Photo: Spixey from Flickr (CC BY 2.0)

Das Web3 ist in aller Munde. Doch zu Bitcoin, NFT und DAOs überwiegen die ängstlichen Stimmen. Dabei könnte die Blockchain-Technologie der Auslöser für einen beispiellosen Wohlstandsboost sein.

Die Eisenbahnkrankheit kehrt zurück

Das „Web3“ steht für die Idee eines auf der Blockchain-Technologie basierenden und dezentralisierten Internets. Echtes Teufelszeug: eine Technologie, die keine realen Probleme löse und naive Normalbürger in die Fänge von Spekulanten und Betrügern treibe. Zumindest wenn man der Fülle an Medienbeiträgen folgt, die in den letzten Wochen dazu erschienen sind. Sicher, die Blockchain-Technologie, die es (stark vereinfacht gesagt) ermöglicht, digitale Verträge zu schließen und automatisiert durchzusetzen, steckt noch in den Kinderschuhen. Und Bitcoin, NFTs oder DAOs sind für die meisten noch ein Buch mit sieben Siegeln. Nichtsdestotrotz erinnert vieles an der Web3-Kritik an die furchtsamen Reaktionen auf die ersten Eisenbahnen im 19. Jahrhundert. Und an die Angst vor der durch die ungeheuren Geschwindigkeiten (bis zu 30 km/h!) ausgelösten „Eisenbahnkrankheit“. Andererseits gibt die Blockchain-Technologie durchaus Grund zur Euphorie. Denn sie könnte ein zentrales ökonomisches Problem lösen und damit unser aller Welt auf den Kopf stellen.

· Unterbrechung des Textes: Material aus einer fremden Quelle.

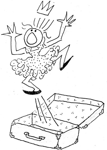– Я же должен был выпустить её сразу, как только приехали! – воскликнул он и расстегнул свой чемодан. Из чемодана выскочила разъярённая Принцесса – его жена.

Die Blockchain ist ein Transaktionskostenkiller

Seit Adam, Eva und der verbotenen Frucht wissen wir, dass Vertrauen ein rares Gut ist. Wenn überhaupt, dann vertrauen wir nur unseren Allernächsten. Für alles andere wollen wir Garantien. Kein Einkauf auf Amazon ohne Rückgaberecht, kein Gebrauchtwagenkauf ohne TÜV, keine Wahl eines Volksvertreters ohne die Möglichkeit, ihn wieder abzuwählen. Wir haben gute Gründe, einander nicht bedingungslos zu vertrauen, denn opportunistisches Handeln kann sehr lohnenswert sein. Deshalb haben wir über Jahrtausende Institutionen erschaffen, die das Vertrauen teilweise ersetzen können. Institutionen, die uns Informationen über Vertragspartner und Handelsgüter verschaffen wie beispielsweise das Grundbuch oder Online-Vergleichsportale. Institutionen, die uns das Handeln vereinfachen, wie Kreditkarten. Und schließlich Institutionen, die dafür sorgen, dass wir nicht übers Ohr gehauen werden, wie Polizei und Gerichte. All das hat einen Preis und der heißt zusammengefasst: Transaktionskosten.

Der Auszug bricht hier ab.